5 – Using a job offer as leverage – The lure of finding a high-paying job is likely to make a candidate run after different job opportunities at the same time. This makes candidates hold multiple offer letters at one time. And later prefer the one offering maximum pay-scale. No wonder it’s wise from your financial perspective, but at the same time, it may question your work ethic.

How long do you stay on the ‘do-not-hire-list’?

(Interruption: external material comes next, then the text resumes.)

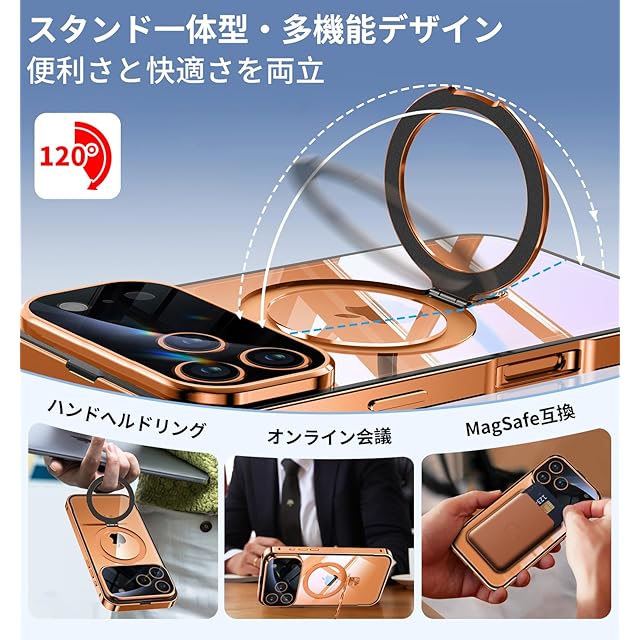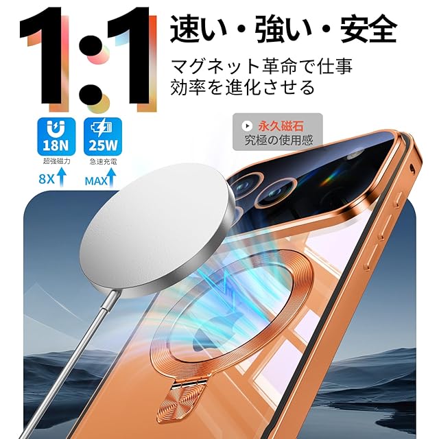 【3in1超進化スタンド・驚異の実用性!】当店のiphone17pro 携帯ケースは、スタンド・リング・ワイヤレス充電対応の3機能を一つに集約。30000回以上の開閉テストをクリアした耐久性に加え、指紋やキズにも強い高耐久設計を実現しています。通勤中の語学学習、リモートワークでのビデオ会議、キッチンでのレシピ確認、アウトドアでの自撮りなど、あらゆるシーンで驚くべき実用性を発揮します。リングモードでは、指を引っ掛けるだけで安定保持が可能。満員電車の中でも落下の心配がなく、安心してお使いいただけます。さらに、このアイホン17 pro ケースは、業界最強クラスのN56マグネットを採用(従来比20倍の吸着力)。マグセーフ対応の車載ホルダーに装着すれば、悪路でもしっかり固定され、快適なドライブをお楽しみください

The overall length of staying on this list depends on the reason. If the employer has put you on this list due to lack of expertise, you are likely to be removed in a few months or a year. But when it comes to sensitive reasons like fraud and legal case involvement found in the employee background check, the candidate is likely to stay on this list forever.

What to do if you are on this list?

Of course, it isn’t a good sign to be on this list anyhow. Fortunately, there are many ways to remove yourself from this list. All you need is to follow a string of reasonable practices. Here are some of them mentioned for you –

1 – Ask for a referral – If you think you failed to create that first impression, ask a friend to refer you to your dream company. Make sure your friend is an existing or former employee of the organization. This adds to your credibility while giving you a second chance to create a positive impact now.

2 – Take a pause – If you are blacklisted due to some minor reasons like – lack of specialty, then take some time to apply again. Consume this time to upgrade your skill set, attain some relevant certifications to add credibility to your resume and overall potential. This will enhance your chances of getting hired soon.

3 – Stay in touch – Even if you are blacklisted, continue to preserve your relationships with the human resource. This is one of the ways to be in their good books forever. Your rude behavior on a company blacklisting you is likely to backfire. So, why do it? After all, it takes nothing to be generous to someone.

Also read: How to Implement Salesforce Into Your Businesses?

Final conclusion –

The hiring process requires an HR professional to surf through multiple applications until s/he is familiar with the concept of ‘do-not-hire-list.’ It lets them cut short the number of applicants to proceed. Of course, this list isn’t something going to decide a potential candidate’s career growth. It’s just a list of applicants who may not be appropriate for a particular role with your organization. Fortunately, there are many ways to skip its impact on your resume.